What should be under discussion is not the potential for Iran to breakout of its treaty obligations under the NPT -- which has never been conclusively proven, though it's frequently suggested in groundless leaks -- but rather how the US has ignored its treaty obligations, as well as the elephant in the room: Israel.

Under the NPT, the assistance that Israel recieved from the US in building its own nuclear arsenal are both matters that should be roundly criticized and condemned by international institutions. But the US owns those institutions, or commands "allied nations" as its puppets, so all we get is this constant game of confrontation played out in the media between the rulers and their belligerent adversary.

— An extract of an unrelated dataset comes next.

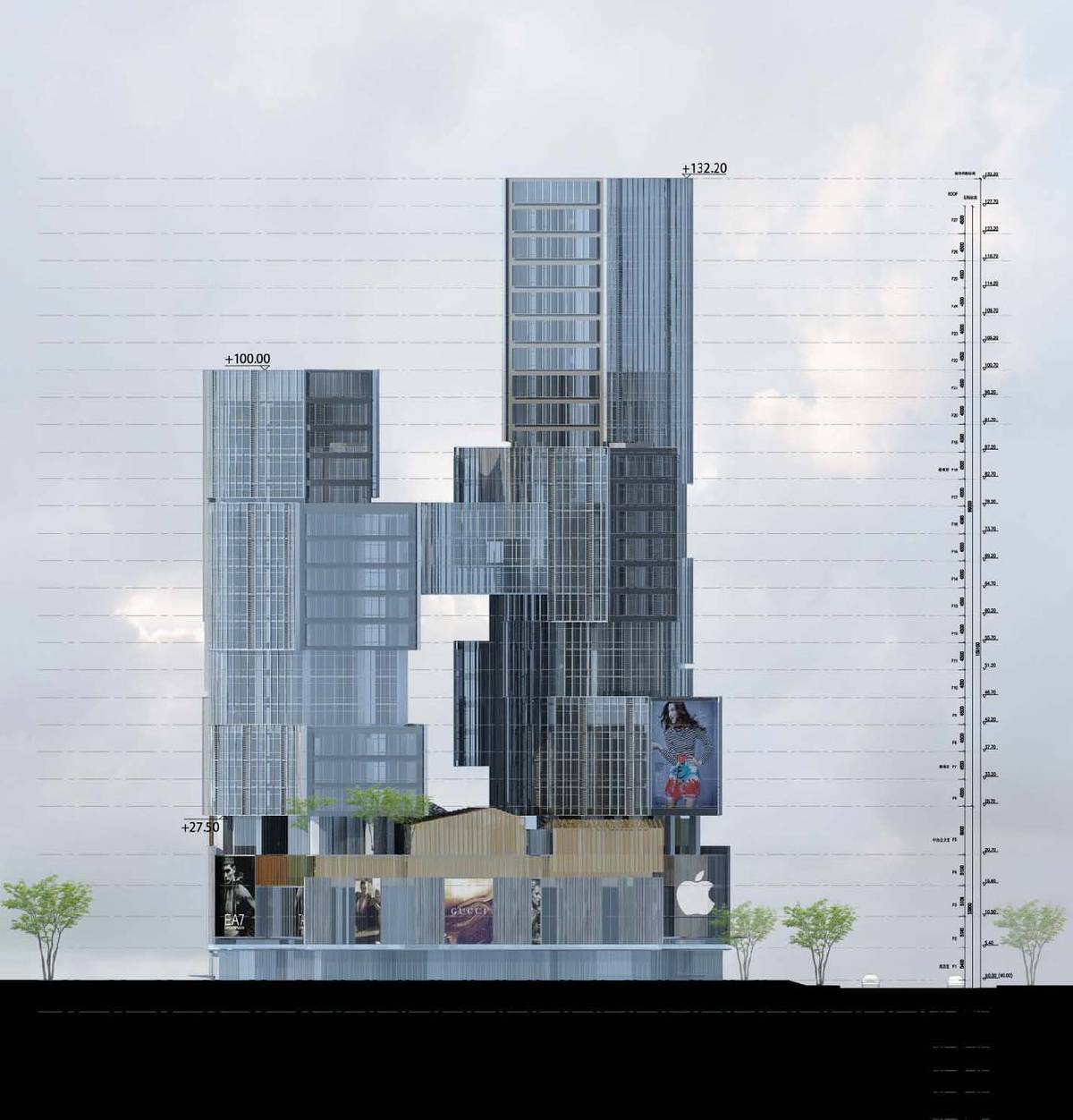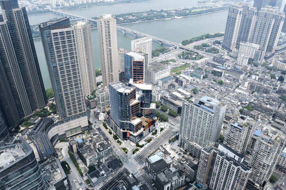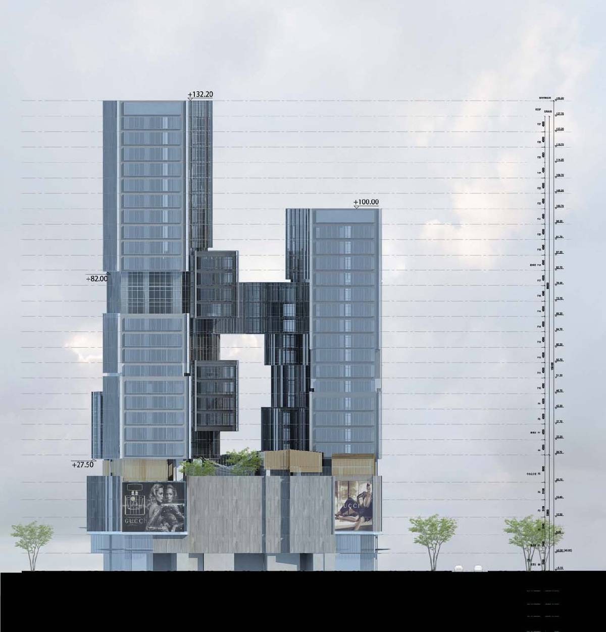 通過Dr. Andy Wen的巧妙設(shè)計,特殊的建筑輪廓結(jié)構(gòu)在突顯長沙人霸蠻的個性、呼應(yīng)地貌特征的同時,也大幅提升了建筑的使用體驗以及與城市的空間聯(lián)系。塔樓形體以視野為設(shè)計導(dǎo)向,通過退進(jìn)、錯位、聯(lián)通形成了豐富的形體,可以從不同角度一覽長沙的山、水、洲、城。通過對朝向方位的精心考量,曲線的建筑輪廓構(gòu)建出具有拔風(fēng)效應(yīng)的半圍合微觀環(huán)境,營造出自然通風(fēng)、日照優(yōu)良的環(huán)境條件。塔樓退進(jìn)形成的露臺與公共空間,提供了更多的景觀平臺,助力打造城市會客廳,而裙樓屋頂?shù)倪^渡平臺也為市民提供了休閑新去處。

There's an even dirtier game going on here, though, and that's the incipient threat of aggressive war against Iran by Israel -- particularly by way of its more powerful proxy, the USA.

Under the Nuremberg doctrine, waging a war of aggression is the supreme international crime. Still, when the US has done this on a number of occasions -- particularly Afghanistan and Iraq, though the list is ever-expanding -- there has been no unified international condemnation or trials of the culprits for war crimes and crimes against the peace.

Now these same aggressors are positioning themselves for a new round of aggression against a nation that has not attacked them, nor violated their national sovereignty. Quite the opposite, in fact: the US and Israel, through the MEK terrorist organization, have both waged a low-level, asymmetric war against Iran -- which, were the shoe on the other foot, would doubtless be answered in the the harshest terms.

If Iran's nuclear program were such a real threat and problem, there would be more evidence that trace amounts of radiation detected here and there -- according to anonymous reports leaked to a propaganda-mongering, co-opted media establishment. The constant efforts to hype up a virtual nothing suggests that the hype is the point, and not any real threat.

Let's condemn the criminal regimes that foment war and strife between people, and do what is necessary to cut off the head of this Hydra of aggression that plagues our already troubled planet. We can't afford those who make war for profit to make this a miserable place for ever more millions of people.